Data extract Start Marker
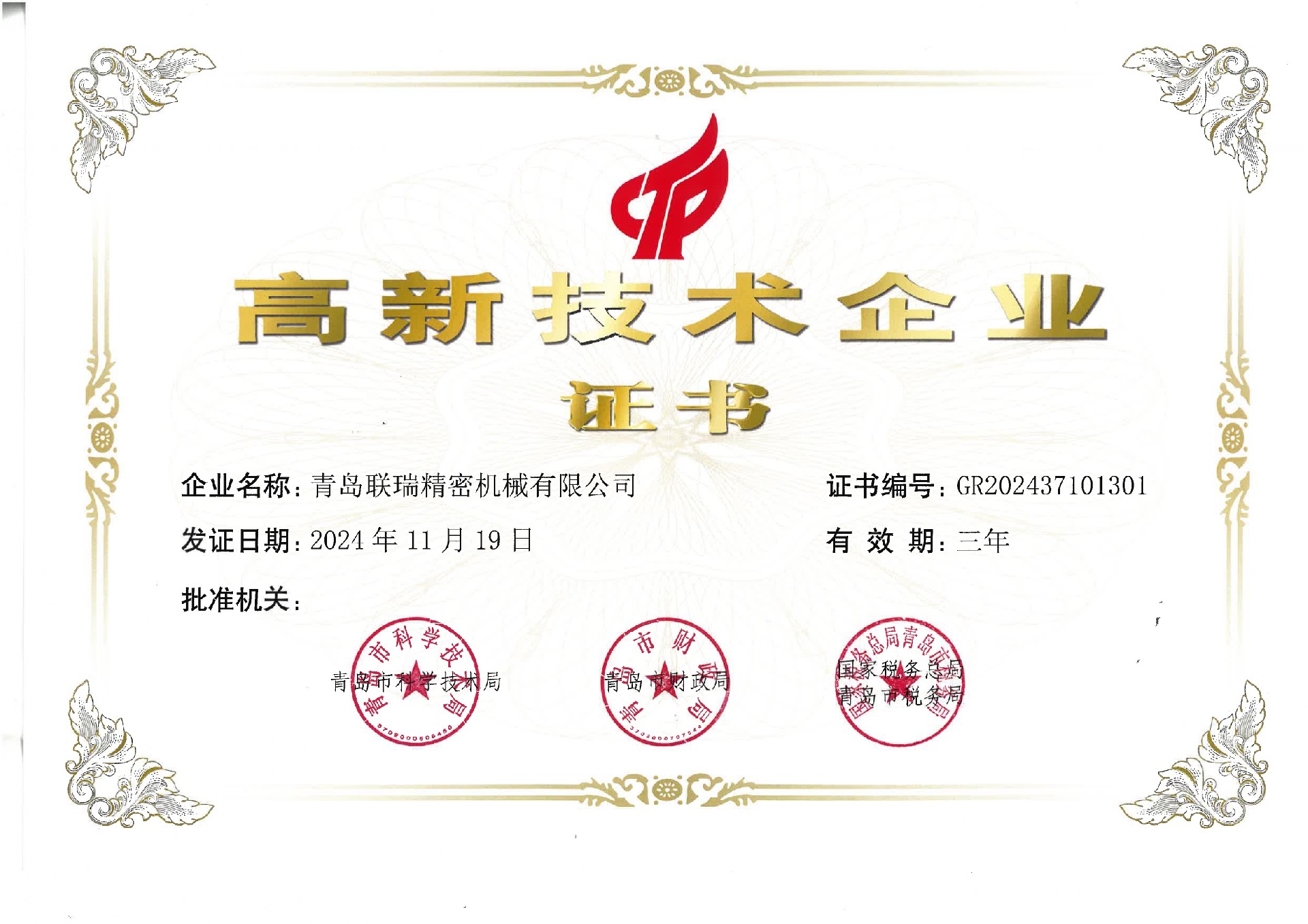 通过高新技术企业资格认定并取得证书;
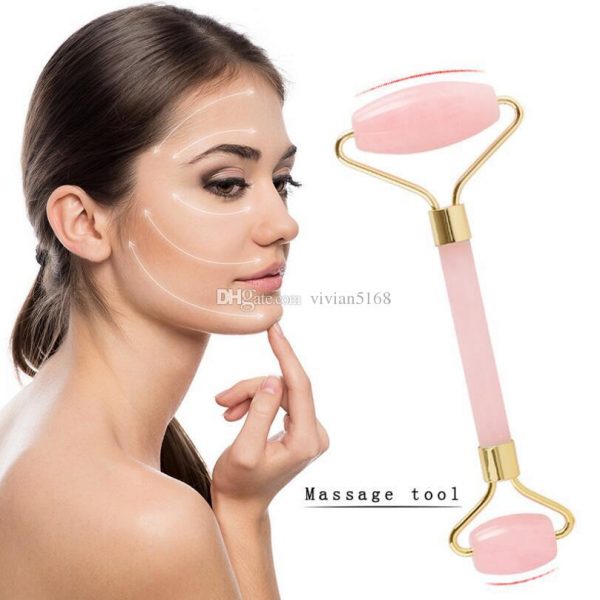 Natural Pink Jade Facial Massage Roller Anti Wrinkle Healthy Face Body Head Foot Nature Beauty Tool Rose Jade massage stick gift DHL
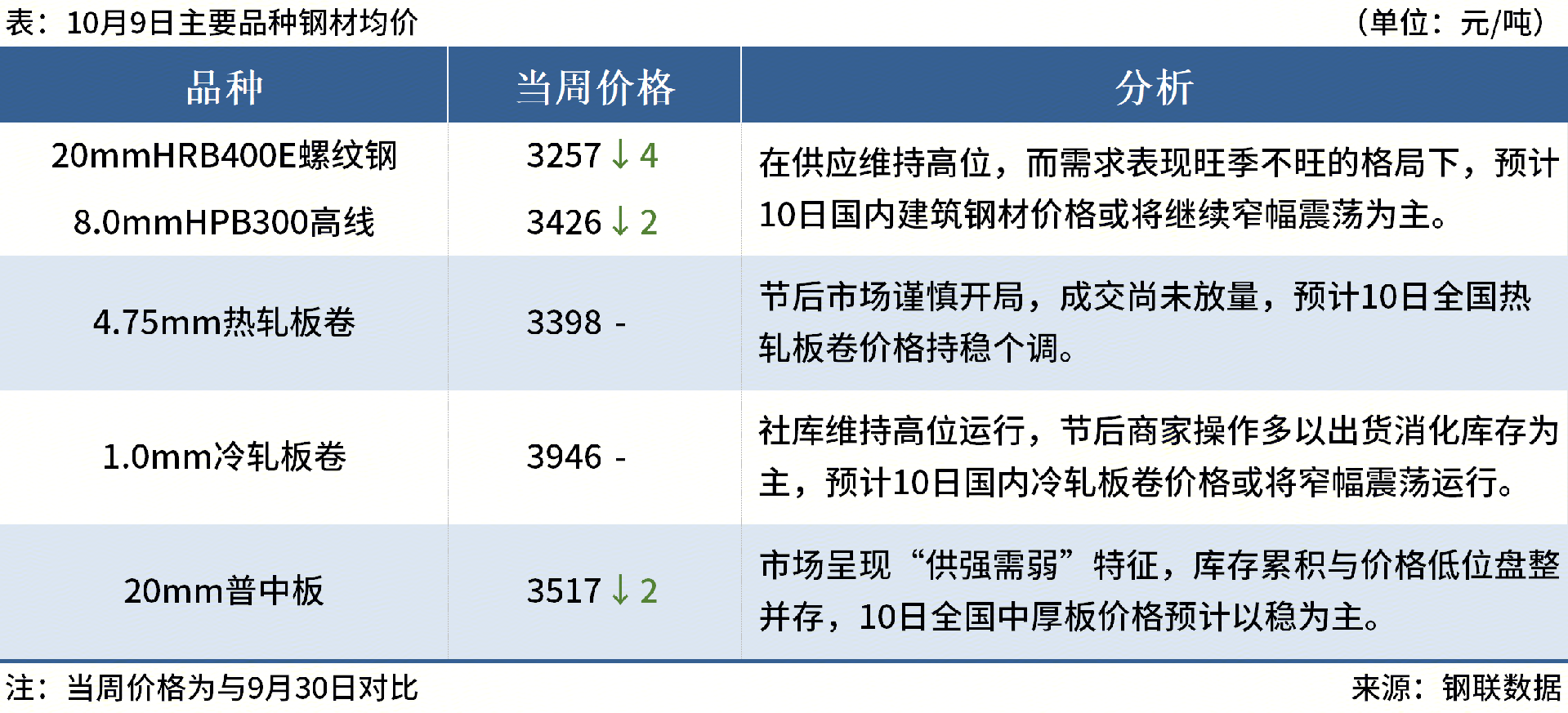 ◎10月9日,76家獨(dú)立電弧爐建筑鋼材鋼廠平均成本為3314元/噸,環(huán)比節(jié)前減少2元/噸,平均利潤(rùn)虧損147元/噸,谷電利潤(rùn)虧損49元/噸。
Data extract End Marker
* [What the task asks] Repeat the material above exactly; any picture in it is left out.

* [Exercise result]
 通过高新技术企业资格认定并取得证书;
 Natural Pink Jade Facial Massage Roller Anti Wrinkle Healthy Face Body Head Foot Nature Beauty Tool Rose Jade massage stick gift DHL
 ◎10月9日,76家獨(dú)立電弧爐建筑鋼材鋼廠平均成本為3314元/噸,環(huán)比節(jié)前減少2元/噸,平均利潤(rùn)虧損147元/噸,谷電利潤(rùn)虧損49元/噸。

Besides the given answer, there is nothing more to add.